Recorded data:
━━━━━━━━

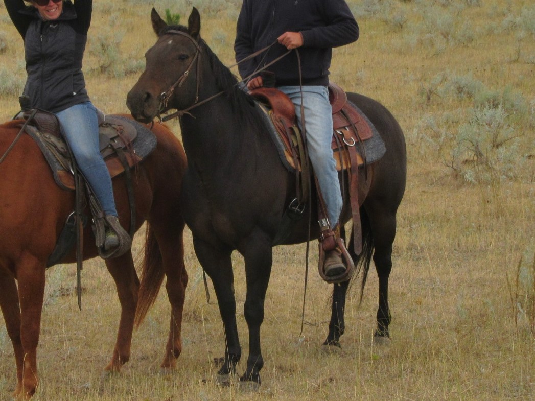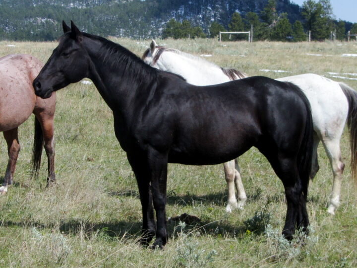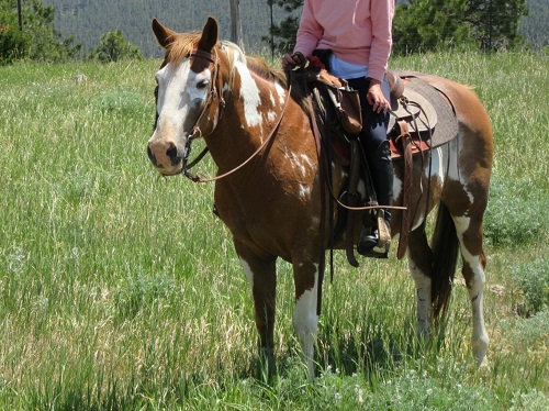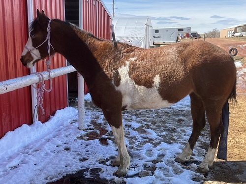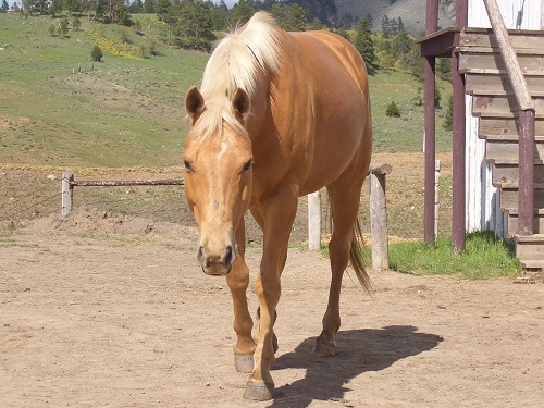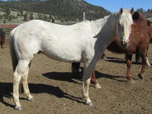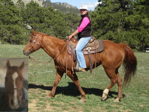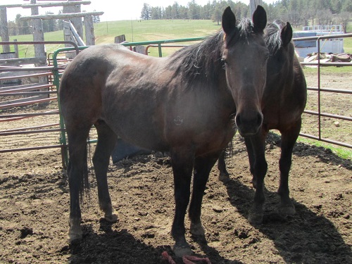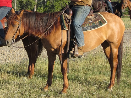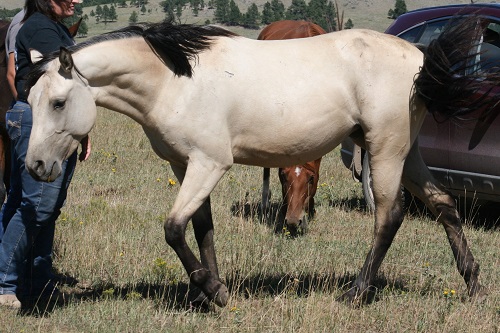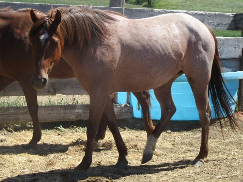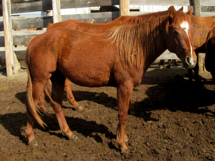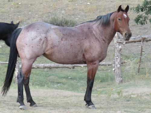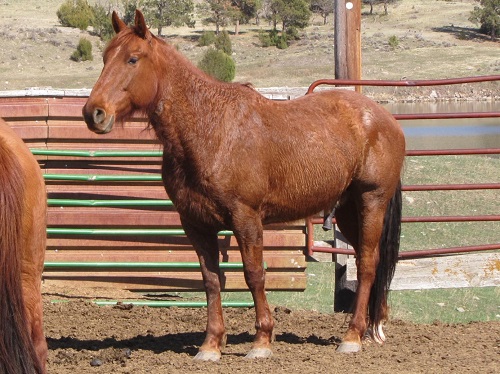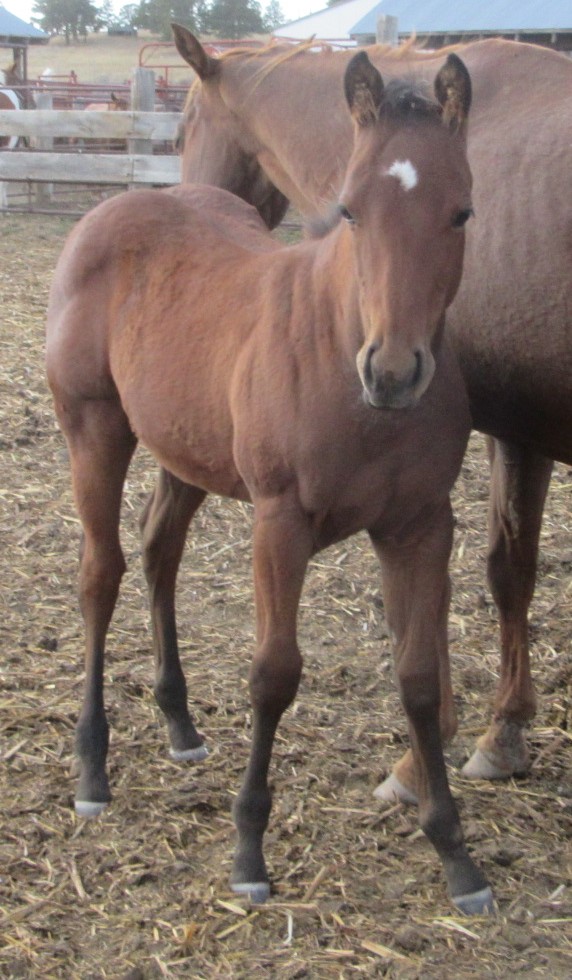 brown, hind pasterns white, upside down mushroom brand right shoulder |
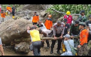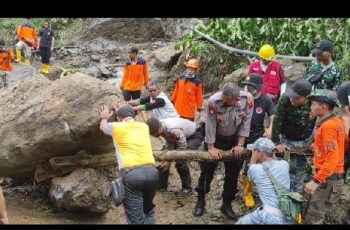 “Evakuasi dilakukan secara manual untuk menyingkirkan longsoran tanah dan batu besar. Sambil menunggu alat berat mengingat untuk menghadirkan alat berat sampai lokasi cukup susah ditempuh,” ucapnya.
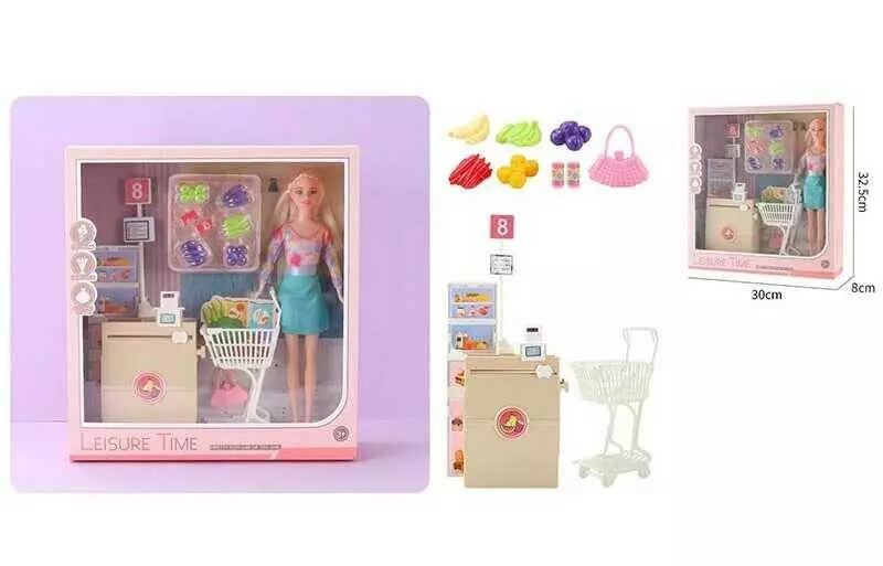 Лялька 784 D (36/2) магазин, візочок, набір продуктів, сумочка, висота 30 см, в коробці
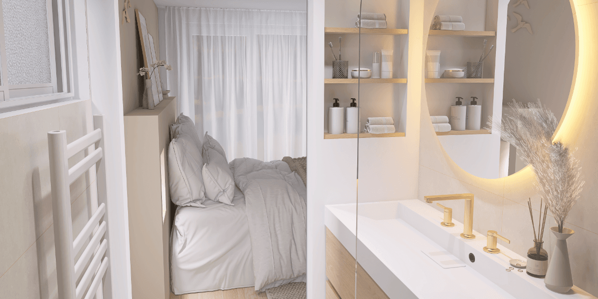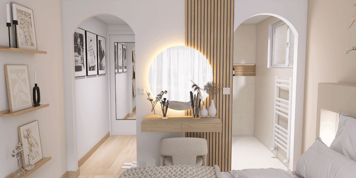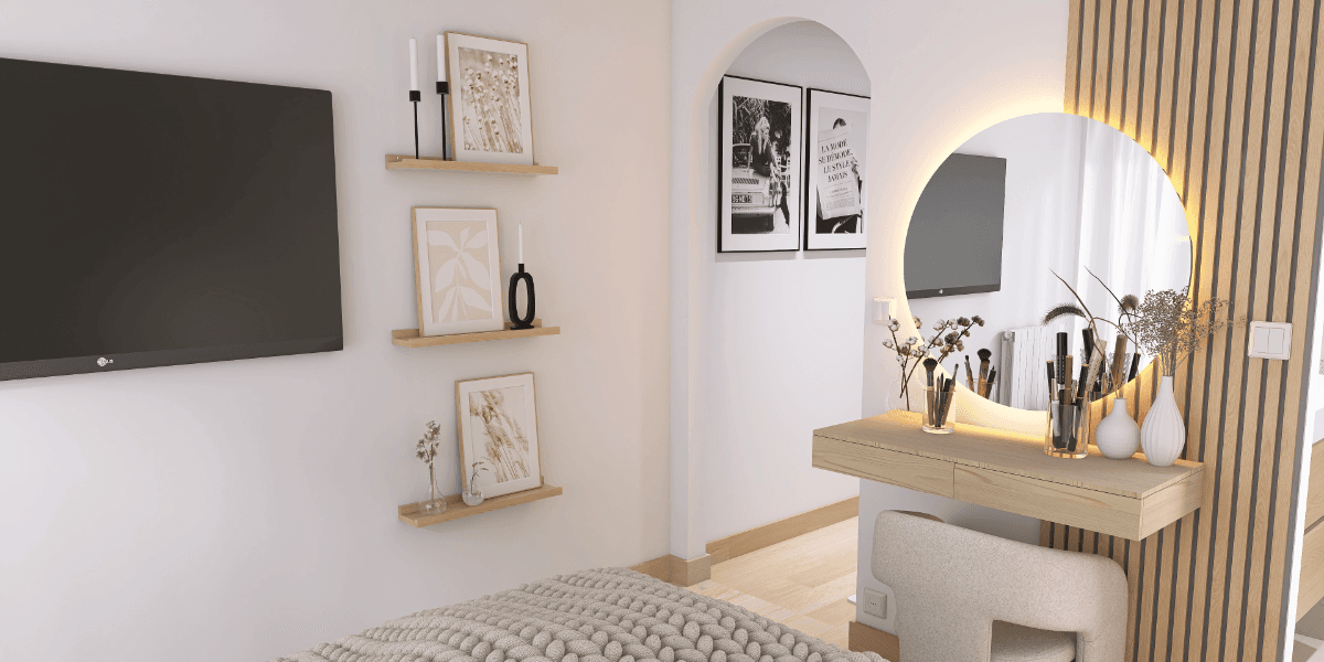 La chambre se distingue par une tête de lit sur mesure, intégrant des niches encastrées sublimées par un éclairage LED, créant une ambiance à la fois douce et contemporaine. Un espace coiffeuse a également été imaginé, habillé de tasseaux de bois et accompagné d’un miroir rond rétroéclairé, apportant chaleur et sophistication.
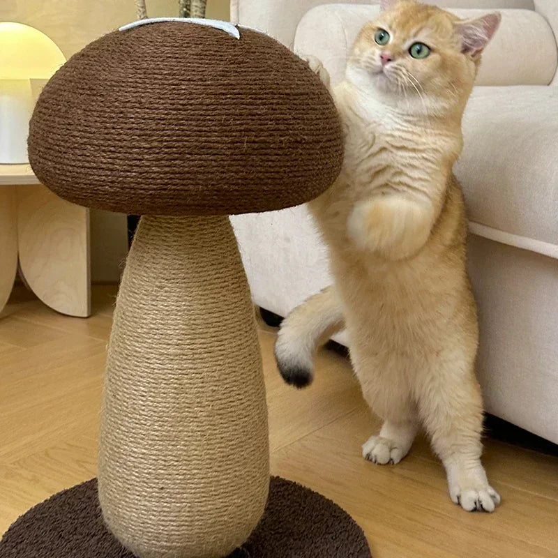 Floor Standing Cat Scratch Post Interactive Scratcher Durable Cat Toy Wear-Resistant Shiitake Mushroom Sisal Claw Grinding Toy
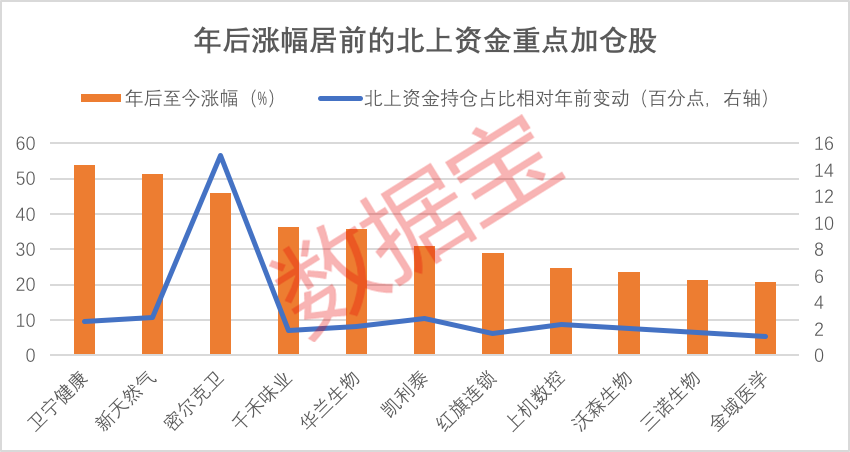 个股胜率方面,年后北上资金加仓幅度居前的50只个股中,33股跑赢大盘,胜率66%。受疫情对市场大幅波动的影响,北上资金胜率虽较去年全年有所下滑,但相对于同期上证指数7.26%的跌幅,这一胜率已十分可观。卫宁健康、新天然气、密尔克卫等6只北上资金重点加仓股节后至今股价已累计上涨超30%。

━━━━━━━━

* _Work required_
Only the lines from the one that holds "La chambre se" through the end of the records above should be printed again, exactly as they are. Leave out the pictures.

* _Expected answer_
 La chambre se distingue par une tête de lit sur mesure, intégrant des niches encastrées sublimées par un éclairage LED, créant une ambiance à la fois douce et contemporaine. Un espace coiffeuse a également été imaginé, habillé de tasseaux de bois et accompagné d’un miroir rond rétroéclairé, apportant chaleur et sophistication.
 Floor Standing Cat Scratch Post Interactive Scratcher Durable Cat Toy Wear-Resistant Shiitake Mushroom Sisal Claw Grinding Toy
 个股胜率方面,年后北上资金加仓幅度居前的50只个股中,33股跑赢大盘,胜率66%。受疫情对市场大幅波动的影响,北上资金胜率虽较去年全年有所下滑,但相对于同期上证指数7.26%的跌幅,这一胜率已十分可观。卫宁健康、新天然气、密尔克卫等6只北上资金重点加仓股节后至今股价已累计上涨超30%。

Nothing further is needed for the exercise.